__WORK TO COMPLETE__. Copy the records word for word. Pictures do not go in.
-------- DATA SHOWN --------
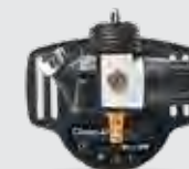
Pressure Flow Master
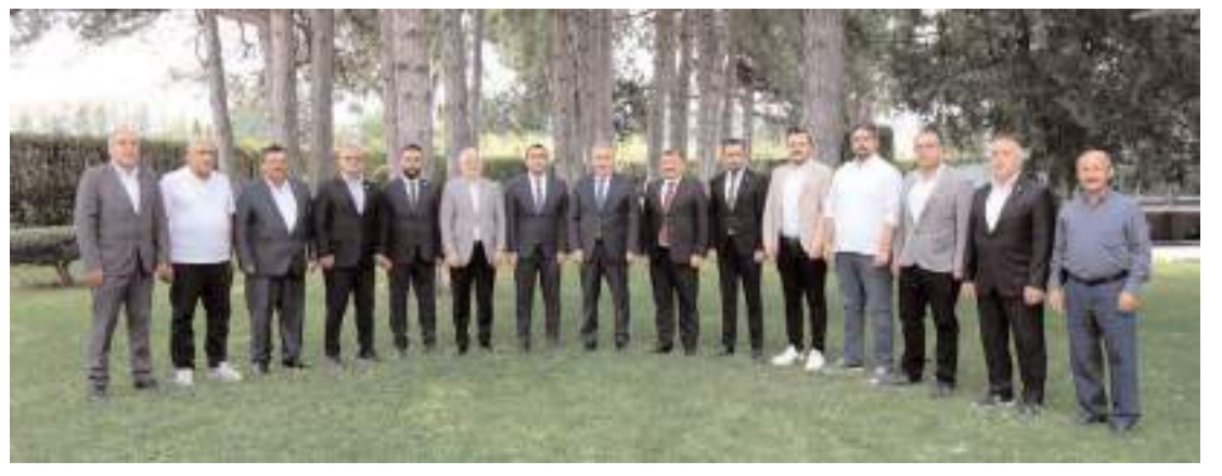
Büyük Birlik Partisi Genel Başkanı Mustafa Destici, Samsun'a giderken Çorum'a uğradı.
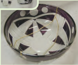
▲ガラスの器の金継ぎ(左上:修理前・右:修理後)
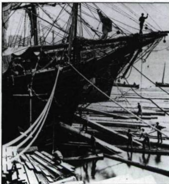
Une fois mesuré, le bois était chargé à bord des grands voiliers en direction de l'Angleterre. Québec, 1872.

À la fin du XIX ème siècle, les membres de la vieille bourgeoisie anglophone conservent tout de même des intérêts économiques importants
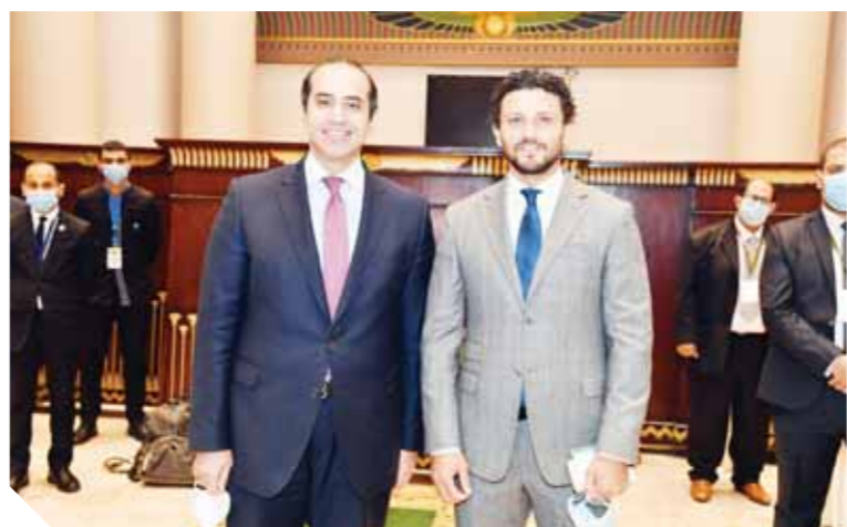
استخراج بطاقات العضوية للنواب المعينين
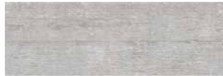
MALAYO GRIS 4 caras | PEI 4 | Piso - Pared
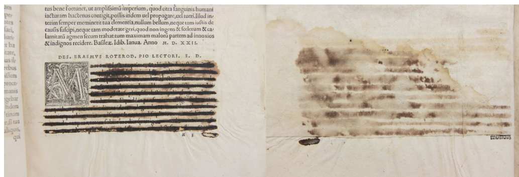
Figura 8: Deterioro por censura. Biblioteca Pública del Estado-Provincial de Córdoba

Las modificaciones que sufren los documentos normalmente están condicionadas por la acción del hombre. En esta imagen se observa el verso y el resto de un documento que ha sufrido la labor inquisitorial, provocando el tachado del texto con tintas ferrogálicas o de hierro, que han generado, por su composición, la pérdida del papel de soporte. Asimismo se observa la adhesión de un papel como medida para paralizar este deterioro. Son acciones con distintos objetivos que causan la desintegración del material.
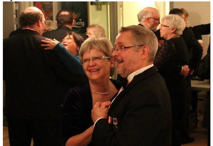
Dansegulvet blev hurtigt fyldt op
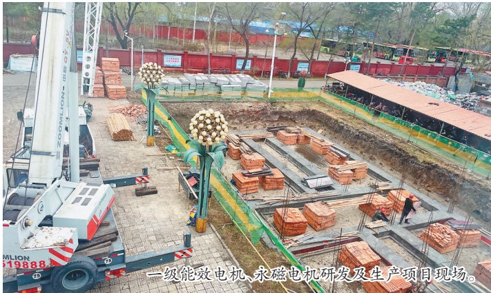
一级能效电机、永磁电机研发及生产项目现场。

中转站,每天大概130多人进场施工。这个属于续建工程,预计8月份完成主体施工。”
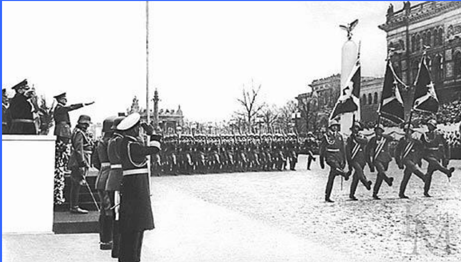
Гитлер принимает парад вермахта, 1940 год (megabook.ru)

Бельгийцы. Когда Германия вторглась на территорию СССР, многие бельгийцы пришли на вербовочные пункты, чтобы принять участие в «крестовом походе против большевизма». Но если фламандские добровольцы поступали в легион СС, то валлоны в основном принимались в армейские подразделения. Получив официальное название 373-го пехотного батальона, легион «Валлония» был придан 100-й егерской дивизии на южном участке советского фронта. Первое крупное сражение легиона произошло у Громовой Балки во время советского контрнаступления зимой 1941 года, где валлонское подразделение потеряло до 30% личного состава. Легион принимал участие в форсировании Днепра 2 ноября и провел зиму в долине Донца. В марте 1942 года, потеряв треть личного состава и 20 из 22 офицеров, легион был отведен с линии фронта. Вновь принять участие в сражениях ему довелось в мае в битве за Харьков, а также в июле во время общего наступления немецких войск, когда он был прикреплен к 97-й пехотной дивизии. С тяжелыми боями легион достиг Майкопа. Снова разбитый, он был выведен в Германию на реорганизацию, был преобразован в бригаду СС «Валлония», которую, в свою очередь, впоследствии переформировали в 28-ю добровольческую танково-гренадерскую дивизию СС «Валлония».
--------
__WRITTEN SOLUTION__.
Pressure Flow Master
Büyük Birlik Partisi Genel Başkanı Mustafa Destici, Samsun'a giderken Çorum'a uğradı.
▲ガラスの器の金継ぎ(左上:修理前・右:修理後)
Une fois mesuré, le bois était chargé à bord des grands voiliers en direction de l'Angleterre. Québec, 1872.

À la fin du XIX ème siècle, les membres de la vieille bourgeoisie anglophone conservent tout de même des intérêts économiques importants
استخراج بطاقات العضوية للنواب المعينين
MALAYO GRIS 4 caras | PEI 4 | Piso - Pared
Figura 8: Deterioro por censura. Biblioteca Pública del Estado-Provincial de Córdoba

Las modificaciones que sufren los documentos normalmente están condicionadas por la acción del hombre. En esta imagen se observa el verso y el resto de un documento que ha sufrido la labor inquisitorial, provocando el tachado del texto con tintas ferrogálicas o de hierro, que han generado, por su composición, la pérdida del papel de soporte. Asimismo se observa la adhesión de un papel como medida para paralizar este deterioro. Son acciones con distintos objetivos que causan la desintegración del material.
Dansegulvet blev hurtigt fyldt op
一级能效电机、永磁电机研发及生产项目现场。

中转站,每天大概130多人进场施工。这个属于续建工程,预计8月份完成主体施工。”
Гитлер принимает парад вермахта, 1940 год (megabook.ru)

Бельгийцы. Когда Германия вторглась на территорию СССР, многие бельгийцы пришли на вербовочные пункты, чтобы принять участие в «крестовом походе против большевизма». Но если фламандские добровольцы поступали в легион СС, то валлоны в основном принимались в армейские подразделения. Получив официальное название 373-го пехотного батальона, легион «Валлония» был придан 100-й егерской дивизии на южном участке советского фронта. Первое крупное сражение легиона произошло у Громовой Балки во время советского контрнаступления зимой 1941 года, где валлонское подразделение потеряло до 30% личного состава. Легион принимал участие в форсировании Днепра 2 ноября и провел зиму в долине Донца. В марте 1942 года, потеряв треть личного состава и 20 из 22 офицеров, легион был отведен с линии фронта. Вновь принять участие в сражениях ему довелось в мае в битве за Харьков, а также в июле во время общего наступления немецких войск, когда он был прикреплен к 97-й пехотной дивизии. С тяжелыми боями легион достиг Майкопа. Снова разбитый, он был выведен в Германию на реорганизацию, был преобразован в бригаду СС «Валлония», которую, в свою очередь, впоследствии переформировали в 28-ю добровольческую танково-гренадерскую дивизию СС «Валлония».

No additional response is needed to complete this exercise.